How to prevent crawler spam

Step 1: This is the easiest step. In your view settings, enable “exclude all hits from known bots and spiders.”

bot_filtering

Step 2: Create a new exclude filter per the screenshot below. The filter pattern I’m using is

(best|100dollars|success|top1)\-seo|(videos|buttons)\-for|
anticrawler|^scripted\.|\-gratis|semalt|forum69|7makemoney|sharebutton|
ranksonic|sitevaluation|dailyrank|vitaly|video\-|profit\.xyz|rankings\-
|dbutton|\-crew|uptime(bot|check)

In the filter verification table, note the before and after comparison. My “before” data is low because I had been previously filtering out crawler spam.

crawler_spam_filter

Step 3: No action is required here, but this is technically an ongoing step. As you monitor and report on your data, be mindful of new referral sources that appear in your reports as you’ll need to modify your regular expression in the previous step accordingly.

 

Updating data retroactively

By this point, we’ve successfully blocked 99% of future referral spam, but what about the spam that already appears on our reports? Fortunately, we can clean up bad data using Google’s advanced segments functionality.

spam_segment

In the above example, we’re using one segment to exclude both ghost and crawler spam types. You’ll notice the conditions used in the segment almost directly mirror those of the individual filters we created. Keep in mind that by default, advanced segments you create will be available on all views under the property, so don’t be scared if you navigate back to your unmodified “all data” profile and see that your traffic dropped substantially.
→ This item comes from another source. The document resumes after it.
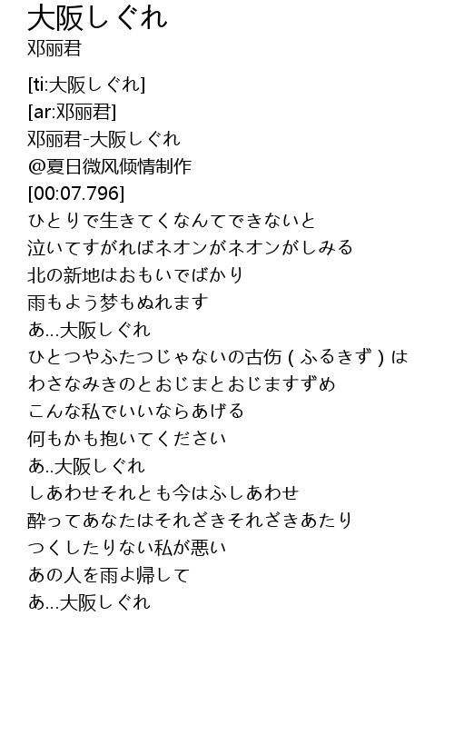 | [00:00.941] | 邓丽君-大阪しぐれ |

Just check to make sure this segment isn’t turned on for that view.

 

Summary

The solutions I’ve covered here will stop 99% of all ghost or crawler spam, but if you’re a perfectionist like me, there are technically some additional preventative measures we can take to block referral spam. They’re more technical in nature and will require you to have access to your web server or find a developer who does, so for all of you who want to block 99.9% of referral spam, I will do a part 2 on the topic and walk through those methods.

What methods for blocking referral spam have you used and were they effective? Let me know in the comments.